“America” and “Dixie” and “Maryland” followed and every one produced its own thrill and its own heartache. Never was there anything more stirring, Never was there anything finer. We sang till our voices were husky and the great chorus surged loud and clear across the night, until it must have echoed against the crags of the Rhine and caused the Hun to shudder.
Then the breaking up of the big meeting, when groups detached themselves and wandered out of the fitful flicker of the dying firelight into the misty blue blackness of the night, still singing. Out through the streets of the camp we tramped, stepping to the cadence of our own songs. We were all happy, very, very happy and draft or no draft, down in our hearts we all knew that we were in the very place we were meant to be, and we were doing the very things that we should do, and that when the time came we would do other and greater things with as much eagerness and enthusiasm as we had sung up there on Tower Hill to-night.
The whole camp was singing even after the concert, but the character of the songs changed. “Over There” swelled forth everywhere and “The Yankees Are Coming” was chanted in every street. Out toward our own barracks our little group swung, passing the railroad siding where, partly shrouded in the canvas jackets, new artillery pieces were waiting to be moved in the morning. A cheer for these and a cheer for everything and anything that suggested patriotism, and on we tramped, brimming over with enthusiasm.
And now I’m back to the barracks again, but the mysteries of the night and the spell of the whole wonderful occasion is still over me and I know I shall lie awake a long, long time and think and dream of all that waits for me in the not very distant future. And the promises I made myself up there on Tower Hill will all be fulfilled, that’s certain.
Friday:
Momentous news. We of the headquarters company, or rather eighty-seven of us, start Monday on the first leg of that longed-for journey to France. We go to a Southern training camp where new units are being formed into which each of us will fit. And along with this news came the announcement that none of us will be given a pass to go home for a last good-bye. This has stirred the men more than the news of the transfer South. Several impromptu indignation meetings were held this morning and this afternoon, just after mess, a real demonstration took place in the mess hall and most of the eighty-seven of us were loud in our assertions that we would go home anyway, even though we were arrested for desertion afterward.

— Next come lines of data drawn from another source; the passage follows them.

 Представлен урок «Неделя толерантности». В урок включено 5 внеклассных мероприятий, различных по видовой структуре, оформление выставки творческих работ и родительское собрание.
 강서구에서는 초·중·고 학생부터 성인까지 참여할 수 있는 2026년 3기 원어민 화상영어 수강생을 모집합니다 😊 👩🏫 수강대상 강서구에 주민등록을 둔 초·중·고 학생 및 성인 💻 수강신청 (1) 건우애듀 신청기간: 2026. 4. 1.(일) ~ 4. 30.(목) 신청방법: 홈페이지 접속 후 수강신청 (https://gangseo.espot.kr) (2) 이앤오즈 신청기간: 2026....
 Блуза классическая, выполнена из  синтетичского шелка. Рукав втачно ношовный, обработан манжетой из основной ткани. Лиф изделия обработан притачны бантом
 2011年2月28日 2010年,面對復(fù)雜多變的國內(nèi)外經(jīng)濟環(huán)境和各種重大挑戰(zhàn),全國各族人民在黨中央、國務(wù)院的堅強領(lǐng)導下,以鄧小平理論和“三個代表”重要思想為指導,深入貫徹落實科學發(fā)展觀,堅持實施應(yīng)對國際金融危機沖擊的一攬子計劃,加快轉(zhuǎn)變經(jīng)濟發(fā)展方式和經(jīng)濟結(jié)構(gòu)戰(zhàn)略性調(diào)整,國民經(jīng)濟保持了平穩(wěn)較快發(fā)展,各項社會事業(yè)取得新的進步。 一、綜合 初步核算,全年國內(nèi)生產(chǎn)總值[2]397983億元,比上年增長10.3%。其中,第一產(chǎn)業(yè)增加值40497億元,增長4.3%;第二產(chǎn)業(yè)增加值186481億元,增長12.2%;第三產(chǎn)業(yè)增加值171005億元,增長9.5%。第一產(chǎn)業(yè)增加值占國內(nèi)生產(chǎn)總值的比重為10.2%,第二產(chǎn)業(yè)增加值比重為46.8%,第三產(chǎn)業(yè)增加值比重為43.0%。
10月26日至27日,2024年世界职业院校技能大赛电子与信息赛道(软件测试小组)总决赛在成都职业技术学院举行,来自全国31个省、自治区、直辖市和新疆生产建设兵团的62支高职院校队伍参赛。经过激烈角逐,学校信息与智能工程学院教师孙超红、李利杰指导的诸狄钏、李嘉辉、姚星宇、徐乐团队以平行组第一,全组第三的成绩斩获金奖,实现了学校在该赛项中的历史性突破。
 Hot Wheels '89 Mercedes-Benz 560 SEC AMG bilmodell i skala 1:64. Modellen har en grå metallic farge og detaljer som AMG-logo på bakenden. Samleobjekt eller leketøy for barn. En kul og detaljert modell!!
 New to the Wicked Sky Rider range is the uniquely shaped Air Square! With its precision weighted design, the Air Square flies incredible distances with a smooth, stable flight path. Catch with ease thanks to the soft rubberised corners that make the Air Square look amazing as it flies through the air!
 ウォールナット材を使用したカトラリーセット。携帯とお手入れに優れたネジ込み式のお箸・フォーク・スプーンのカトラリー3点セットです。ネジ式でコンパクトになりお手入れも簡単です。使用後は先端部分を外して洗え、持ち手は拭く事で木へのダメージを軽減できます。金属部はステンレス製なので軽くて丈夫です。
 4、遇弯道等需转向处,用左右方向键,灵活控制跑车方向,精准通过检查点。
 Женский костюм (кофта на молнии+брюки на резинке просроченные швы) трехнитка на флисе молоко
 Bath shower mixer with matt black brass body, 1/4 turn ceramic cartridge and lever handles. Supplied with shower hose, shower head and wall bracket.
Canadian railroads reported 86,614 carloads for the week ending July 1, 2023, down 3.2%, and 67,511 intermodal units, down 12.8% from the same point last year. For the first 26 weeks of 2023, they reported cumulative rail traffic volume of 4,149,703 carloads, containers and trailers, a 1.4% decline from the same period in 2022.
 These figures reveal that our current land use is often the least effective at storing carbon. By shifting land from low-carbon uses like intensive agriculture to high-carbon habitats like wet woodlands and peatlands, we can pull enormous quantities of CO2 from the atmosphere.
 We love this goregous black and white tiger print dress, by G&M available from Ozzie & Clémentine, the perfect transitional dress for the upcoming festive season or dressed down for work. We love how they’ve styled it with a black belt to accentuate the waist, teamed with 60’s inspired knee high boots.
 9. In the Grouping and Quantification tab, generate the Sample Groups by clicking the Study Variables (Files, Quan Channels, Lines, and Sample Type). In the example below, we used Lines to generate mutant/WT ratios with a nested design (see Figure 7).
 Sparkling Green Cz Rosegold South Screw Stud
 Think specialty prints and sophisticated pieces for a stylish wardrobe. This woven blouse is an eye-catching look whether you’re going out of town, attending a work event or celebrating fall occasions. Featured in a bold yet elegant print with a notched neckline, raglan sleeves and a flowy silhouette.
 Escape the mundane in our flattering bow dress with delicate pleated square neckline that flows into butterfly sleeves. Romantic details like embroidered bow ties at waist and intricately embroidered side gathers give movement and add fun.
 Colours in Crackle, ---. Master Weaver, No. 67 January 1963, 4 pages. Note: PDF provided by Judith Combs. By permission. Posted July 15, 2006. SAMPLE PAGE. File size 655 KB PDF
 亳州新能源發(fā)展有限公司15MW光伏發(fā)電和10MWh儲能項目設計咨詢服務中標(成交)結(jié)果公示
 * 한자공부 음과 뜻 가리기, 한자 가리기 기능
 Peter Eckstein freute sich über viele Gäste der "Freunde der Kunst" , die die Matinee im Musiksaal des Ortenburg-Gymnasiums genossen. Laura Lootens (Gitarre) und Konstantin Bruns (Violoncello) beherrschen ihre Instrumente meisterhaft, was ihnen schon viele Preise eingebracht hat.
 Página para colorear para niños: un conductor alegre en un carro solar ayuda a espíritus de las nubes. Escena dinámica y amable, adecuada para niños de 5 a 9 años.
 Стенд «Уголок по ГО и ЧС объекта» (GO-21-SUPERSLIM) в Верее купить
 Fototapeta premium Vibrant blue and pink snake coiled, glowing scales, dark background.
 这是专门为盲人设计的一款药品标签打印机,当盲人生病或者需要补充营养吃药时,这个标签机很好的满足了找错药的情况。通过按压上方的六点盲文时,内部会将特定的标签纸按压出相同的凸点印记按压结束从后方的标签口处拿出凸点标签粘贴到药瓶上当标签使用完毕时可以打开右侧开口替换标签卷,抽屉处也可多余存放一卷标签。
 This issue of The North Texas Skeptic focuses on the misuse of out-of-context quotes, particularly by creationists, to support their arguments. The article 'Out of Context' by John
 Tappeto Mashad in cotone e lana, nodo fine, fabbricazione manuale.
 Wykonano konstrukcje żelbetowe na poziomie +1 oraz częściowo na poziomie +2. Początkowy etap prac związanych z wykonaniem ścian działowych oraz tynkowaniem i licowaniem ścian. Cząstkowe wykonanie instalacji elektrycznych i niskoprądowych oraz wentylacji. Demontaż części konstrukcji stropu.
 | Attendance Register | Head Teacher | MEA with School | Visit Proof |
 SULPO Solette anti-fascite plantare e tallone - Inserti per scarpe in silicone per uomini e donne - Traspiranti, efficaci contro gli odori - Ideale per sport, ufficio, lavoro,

This little incident served to impress upon me more than anything else the freedom that is accorded the men of this new American Army, for behold, before the meeting broke up a Lieutenant came in and addressed us on the penalties for desertion, the difficulty of dealing with headstrong soldiers and similar subjects, and then when we all felt and looked like slackers he announced that although orders had gone forth that no passes were to be granted, our commanding officer, knowing our feeling in the matter, was at that time trying very hard to arrange to secure permission for the men to go home over Saturday night and Sunday. As I left the mess hall I wondered vaguely how such a mass meeting would have been treated in the German Army, for instance, and I thanked my lucky stars that I was an American.
But there are a thousand and one things remaining to be accomplished to-day. I have been hurrying from one place to another since reveille and now at taps all that I should do is not done yet. But to-morrow is another day.
First of all we were rushed off to receive our third and fourth inoculations together. Then came the announcement that we would be relieved of all our winter clothing and given a complete summer outfit instead, for it appears there is no need for woollens in this Southland camp to which we are going.
And between times, there were a score of personal things I wanted to do, not the least of which was to join the line of waiting men before the telephone booths in the Y. M. C. A. shacks to tell them at home the news of our going. In all this, poor Fat seems to be sadly left out, for he is not among the fellows who are to leave. He stands helplessly by and watches the hurry and bustle going on about him, and sometimes I think there is a sad, wistful sort of a look in his big, good-natured face, for I know he doesn’t like the idea of staying here when the snow begins to fall and winds whistle disconsolately around the corners of the barracks building. I am glad that I will not have to spend the winter here and I’m sorry, too, that Fat is not to be with me.